There is no library made available to patients to access and view recommendations or apps which have been approved for clinical uses. This has allowed for a number of publications which claim to contain “digital health apps you must have” or “the best digital health apps of (insert year)”. These sorts of articles and lists are published left and right by all types of entities, none of which has any medical authority – magazines, individuals’ blogs, journals, etc.
One of the biggest challenges is that each website, journal, blog, uses a different ranking methodology, and often it is undisclosed. Ultimately, the consumer remains in the dark as to whether the listed applications have paid for their “ranking” or to be featured in the given publication, or if there is a large sample of users surveyed, or if it is based on the “Apple App Store” or “Google Play Store” application quality rankings given by users. For example, Ranked health claims they evaluate apps based on “…clinical relevance, credibility, accuracy, and effectiveness, as well as usability and functionality, so that providers can recommend, and patient can use, condition-specific mobile apps with confidence.” Here you can find more about their approach: http://www.rankedhealth.com/approach/. Regardless, this is still a subjective method and can be flawed.
- To create “Digital Health App Prescriptions” there must be a central authority which evaluates, approves, and recommends apps based on factual clinical evidence almost as randomized control trials (RCTs) are used as evidence to grant approval for various medical treatments. (Stay tuned for the next blog post for further discussion on this topic: RCT methodology for approving Digital Health Apps.)

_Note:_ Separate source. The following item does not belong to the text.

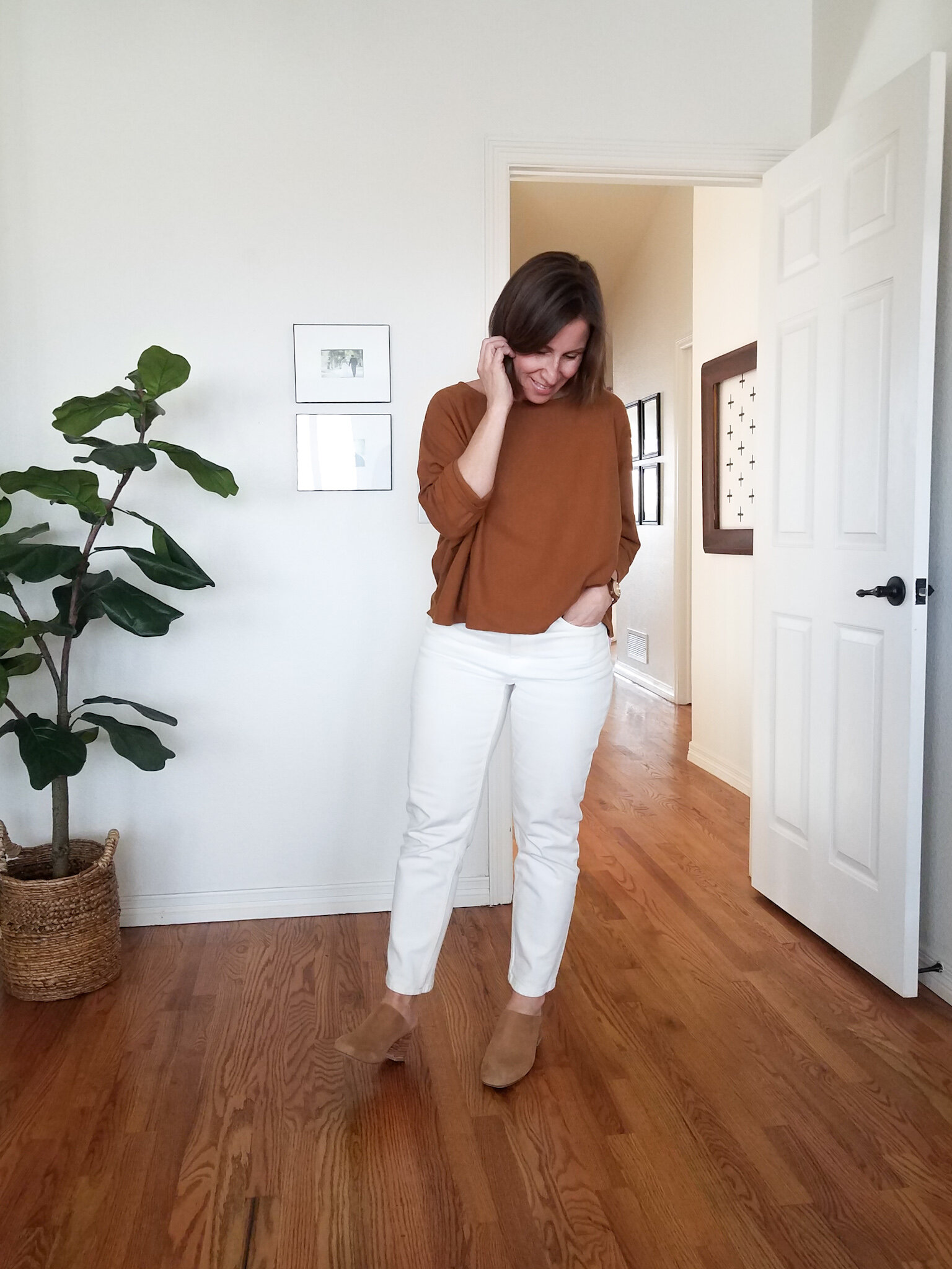 Here I am in the places I spend the most time—my kitchen and my classroom. First coffee, then all the math. Casual Fridays undoubtedly mean jeans and clogs, of course with a comfy sweatshirt or tee. I was thrilled to find this sweatshirt secondhand after seeing it on another Instagram account. This rust color gets me every time and I think it’s just as important to have comfies I love to wear.
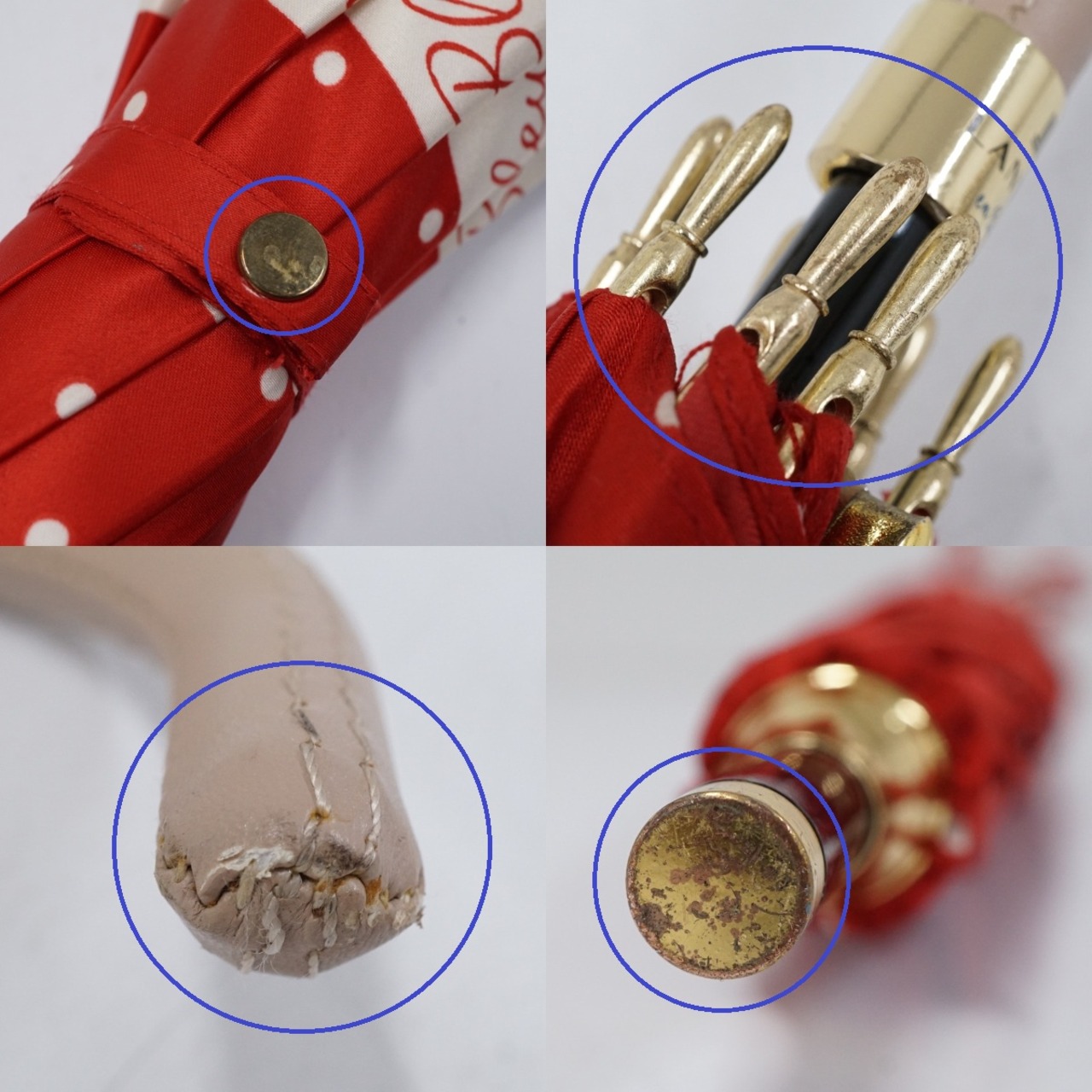 耐風傘 LANVIN en Bleu ランバンオンブルー USED美品 ドット ハート レッド 赤 ジャンプ 60cm A2942

- We must be diligent as patients and especially as users of digital health apps. We must make ourselves aware of the possible biases that may be entangled in these types of rankings, etc. and also of any potential negative consequences that may result from using a given app. (Stay tuned for the next blog post for further discussion of this topic: Being good health app users and citizens.)
The “flawed methodology” and “information overload” challenges would not be problematic if the first two challenges are addressed and there is a central authority with a large enough scope to evaluate, rank, and publish digital health apps which doctors can prescribe or patients can feel assured they can use with larger benefits, and lesser side effects.
Who do you think should be the central authority to grant approval for digital health apps to enter the market? Do you think there should be a central authority, or is it better to have multiple sources of information, like today? Are there other major barriers to why it would be harder to create a “Digital Health App Library” in the US than in England?